2.Terms and Conditions. The Agreement shall be amended as set forth in the attached changed sections/items of the “Terms and Conditions” as set forth on Exhibit A.
3.Exhibit D - SLA. The Agreement shall be amended as set forth in the attached revised provisions of the “Exhibit D (Service Level Agreement (SLA) Standards)” as set forth on Exhibit B to this Amendment.
4.Exhibit E- Data Protection Agreement. Exhibit E to the Agreement is hereby deleted in its entirety.

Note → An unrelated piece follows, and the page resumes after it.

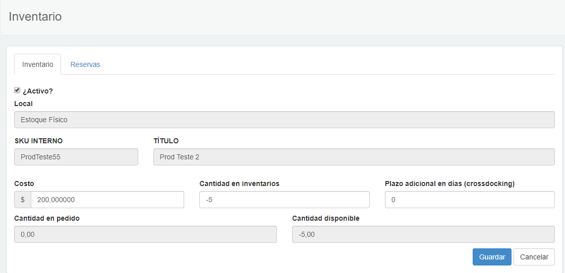 4. Edite el campo “Costo”;
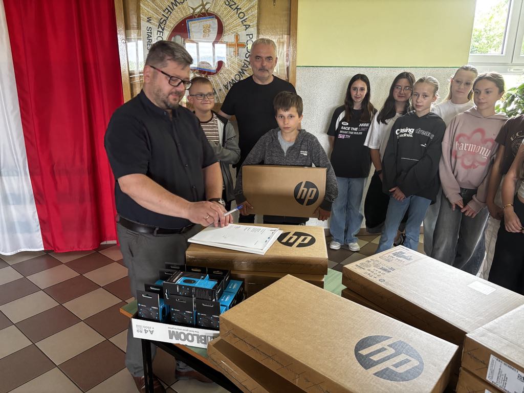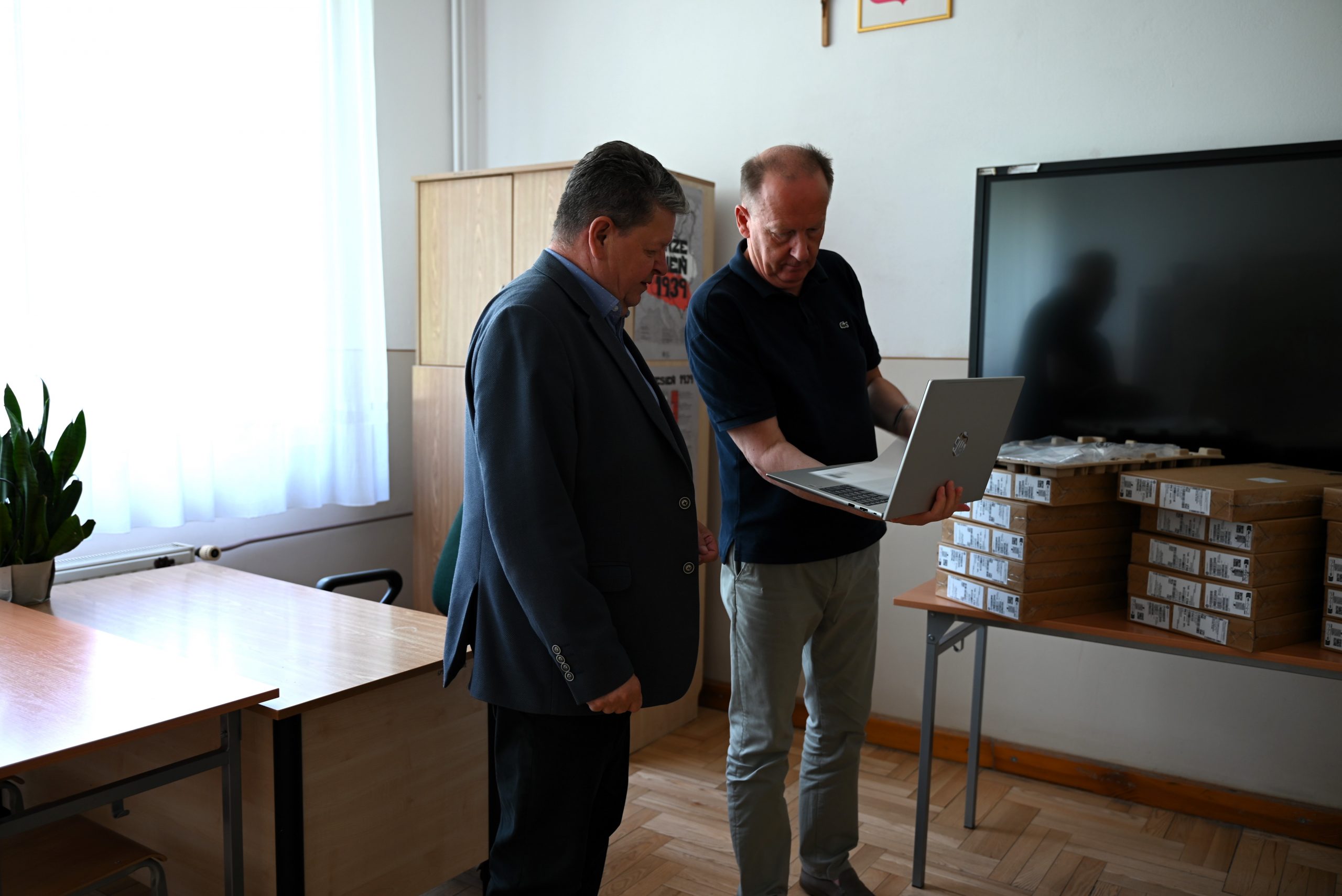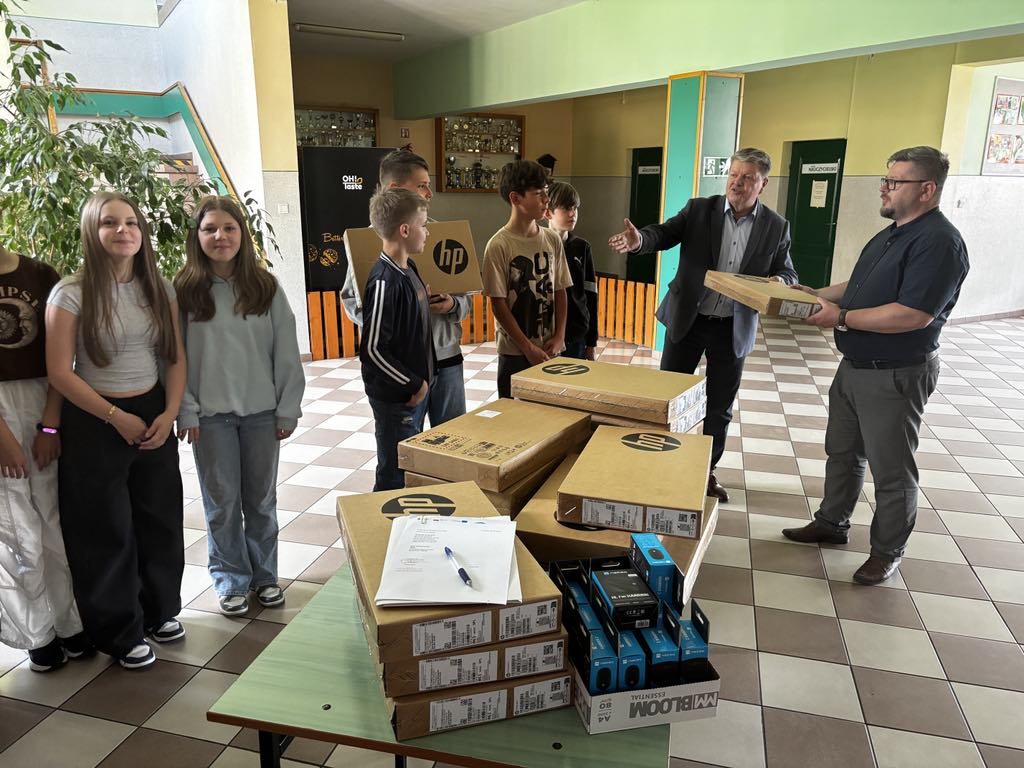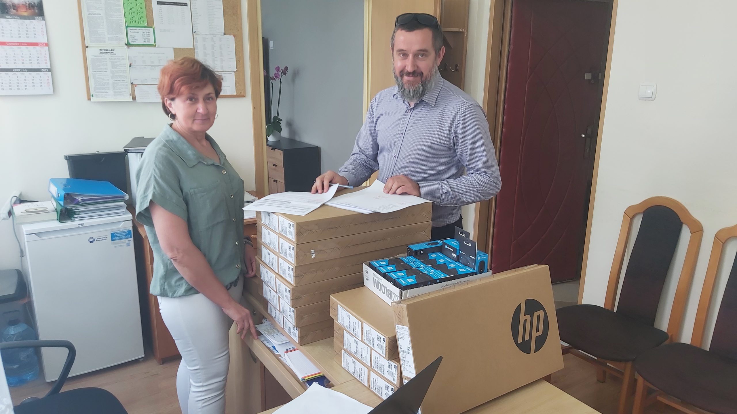 W ubiegłym tygodniu do wszystkich szkół podstawowych w gminie Brzozów dostarczony został wyłoniony w drodze przetargu sprzęt komputerowy w ilości 145 laptopów za kwotę 367 814,77 zł. Oficjalnego przekazania sprzętu w Szkole Podstawoej Nr 1 w Brzozowie w imieniu Burmistrza Brzozowa dokonał Sekretarz gminy Brzozów Pan Waldemar Och. Przekazany sprzęt komputerowy uzupełni braki w szkolnych pracowniach lub pozwoli na całkowita wymianę starych komputerów.

5.Exhibit G - Payout Consolidation Feature. The Agreement shall be amended as set forth in the new Exhibit G (Payment Consolidation Feature) to be added to the Agreement immediately after Exhibit F as attached hereto as Exhibit C.
6.Miscellaneous. This Amendment may be executed by the Parties in separate counterparts, each of which when so executed and delivered shall be an original, but all of such counterparts shall together constitute one and the same instrument.
[Signature page follows]
IN WITNESS WHEREOF, the Parties have caused this Agreement to be duly executed by their authorized representatives below.
| | | | | |
| Shopify Inc. | Affirm, Inc. |
Signature: /s/ Ritu Khanna | Signature: /s/ Pat Suh |
Name: Ritu Khanna | Name: Pat Suh |
Title: VP, Global Partnerships | Title: SVP Revenue |
Date: 12/18/2024 | Date: 12/18/2024 |
Notices. Notices required under this Agreement shall be delivered pursuant to Section 23 (Notice) of the Agreement, and addressed as set forth below: |
|
If to Shopify: | If to Affirm: |
|
|
Shopify
150 Elgin Street, 8th Floor
Ottawa, ON
K2P 1L4
Canada
[***] | Affirm, Inc.
650 California Street, 12th Floor
San Francisco, CA 94108
Attention: Chief Legal Officer
[***] |
EXHIBIT A
AMENDED TERMS AND CONDITIONS
The following terms and conditions are intended to be added to the Terms and Conditions of the Agreement, and, where such terms conflict with an existing section in the Agreement, entirely replace such sections of the Agreement.
The amended sections below shall entirely replace those same sections in the Agreement. All other sections that are not amended or replaced herein shall remain unmodified as expressly stated in the Agreement.
1.Section 2.11 is hereby deleted in its entirety and replaced with the following: 2.11 “Customer Information” means all Personal Information (as defined under Applicable Law) provided by a Customer that is submitted and/or obtained by or on behalf of Affirm or Shopify about a Customer or an Application (whether or not completed) for products or services offered pursuant to the Program, including demographic data, and transaction data and only in connection with the Services provided by Affirm under the Program. “Customer Information” as contemplated in Sections 14.6
(Data Correction, Blocking, Export and Deletion), 14.7 (Compelled Disclosure) and 15.7 (Subprocessors), will not include (i) information about a Customer provided by a non-Customer third party only to Affirm or Shopify, including but not limited to consumer reports about Customers provided by credit bureaus; and (ii) any customer information that is not part of and was not provided in connection with the Program ((i) and (ii) collectively “Excluded Customer Information”).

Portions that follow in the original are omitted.